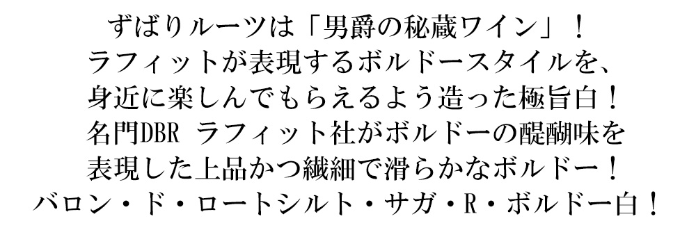 ドメーヌ バロン ド ロートシルト サガ R ボルドー ブラン 2021 シャトー ラフィット ロートシルトと同経営 AOCボルドー ブラン 正規品 ■ぶどう品種:ソーヴィニヨン・ブラン/セミヨン ずばりルーツは「男爵の秘蔵ワイン」!ボルドーの最高峰“シャトー・ラフィット・ロートシルト”! ラフィットグループを率いたエリック男爵はかつて親しい友人たちや家族のために、シャトーワインに近いスタイルで日常的に気軽に楽しめるワインをつくっていました!それがこのサガRのルーツで「男爵の秘蔵ワイン」と呼ばれていました! 「男爵の秘蔵ワイン」の信念に基づいて誕生した「サガRボルドー」は、世界中のどこにいても、ボルドーの神髄を感じることのできる、シャトーワインに近いスタイルで日常的に気軽に楽しんでいただけるワイン!「サガ」は世代を超えて語られる物語であり、“R”はロスチャイルドの名前を意味!「テロワールの表現」「いきいきとした果実味」「バランス」をキーワードとして、樽香や凝縮感が突出したワインではなく、ぶどうの清冽な味わいを絶妙に表現したワインを造っています! ぶどうの栽培方法から監修し、ドメーヌ・バロン・ド ロートシルト・ラフィットにふさわしいワインづくりをしています!このサガ・R・ボルドー・ブラン[2021]年は、「サガ」とは英雄伝説をさす言葉! 「“R”(ロートシルト:ロスチャイルド)の伝説」という名を授かった、ラフィットスタイルと言われるエレガントさを感じることができるワイン!
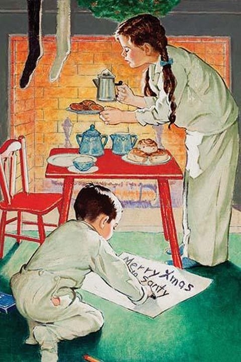 Two children prepare cookies and coffee next to the fireplace for Santa Claus. The boy writes a sign ‘Merry Xmas Santy.’Unknown Date/USA
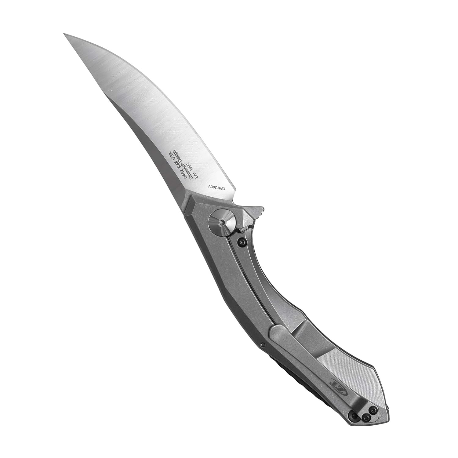 Zero Tolerance Sinkevich Pocketknife (0462); CPM 20CV Satin-Finished Crucible Blade Steel; Red and Gray Carbon Fiber Front Scale; Titanium Back; KVT Manual Open; Reversible Pocketclip; 3.7 oz, 8.9 inch
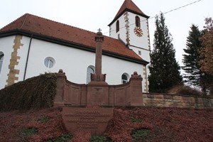 bei der Kirche; Denkmal aus rotem Sandstein, Mauer in einem Halbkreis, in der Mitte runde Säule, am Fuss der Säule zwei sitzende Adler, unterhalb des Denkmals Widmungstafeln in Schildform
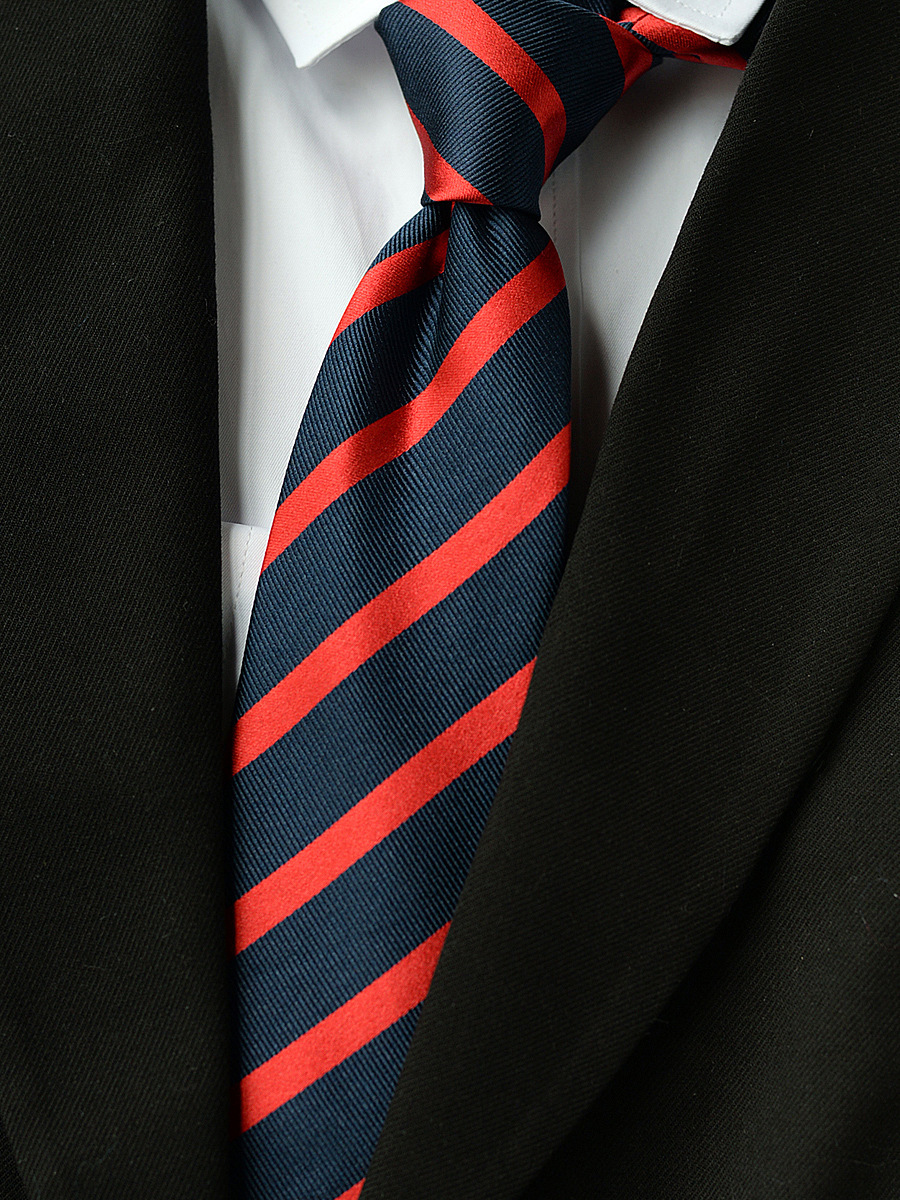 • 파란색과 빨간색 줄무늬 페리스 꽃 실크 넥타이

#### WHAT IS EXPECTED:
Repeat the records above verbatim, dropping the pictures.

#### RESPONSE TO THE EXERCISE:
 ドメーヌ バロン ド ロートシルト サガ R ボルドー ブラン 2021 シャトー ラフィット ロートシルトと同経営 AOCボルドー ブラン 正規品 ■ぶどう品種:ソーヴィニヨン・ブラン/セミヨン ずばりルーツは「男爵の秘蔵ワイン」!ボルドーの最高峰“シャトー・ラフィット・ロートシルト”! ラフィットグループを率いたエリック男爵はかつて親しい友人たちや家族のために、シャトーワインに近いスタイルで日常的に気軽に楽しめるワインをつくっていました!それがこのサガRのルーツで「男爵の秘蔵ワイン」と呼ばれていました! 「男爵の秘蔵ワイン」の信念に基づいて誕生した「サガRボルドー」は、世界中のどこにいても、ボルドーの神髄を感じることのできる、シャトーワインに近いスタイルで日常的に気軽に楽しんでいただけるワイン!「サガ」は世代を超えて語られる物語であり、“R”はロスチャイルドの名前を意味!「テロワールの表現」「いきいきとした果実味」「バランス」をキーワードとして、樽香や凝縮感が突出したワインではなく、ぶどうの清冽な味わいを絶妙に表現したワインを造っています! ぶどうの栽培方法から監修し、ドメーヌ・バロン・ド ロートシルト・ラフィットにふさわしいワインづくりをしています!このサガ・R・ボルドー・ブラン[2021]年は、「サガ」とは英雄伝説をさす言葉! 「“R”(ロートシルト:ロスチャイルド)の伝説」という名を授かった、ラフィットスタイルと言われるエレガントさを感じることができるワイン!
 Two children prepare cookies and coffee next to the fireplace for Santa Claus. The boy writes a sign ‘Merry Xmas Santy.’Unknown Date/USA
 Zero Tolerance Sinkevich Pocketknife (0462); CPM 20CV Satin-Finished Crucible Blade Steel; Red and Gray Carbon Fiber Front Scale; Titanium Back; KVT Manual Open; Reversible Pocketclip; 3.7 oz, 8.9 inch
 bei der Kirche; Denkmal aus rotem Sandstein, Mauer in einem Halbkreis, in der Mitte runde Säule, am Fuss der Säule zwei sitzende Adler, unterhalb des Denkmals Widmungstafeln in Schildform
 • 파란색과 빨간색 줄무늬 페리스 꽃 실크 넥타이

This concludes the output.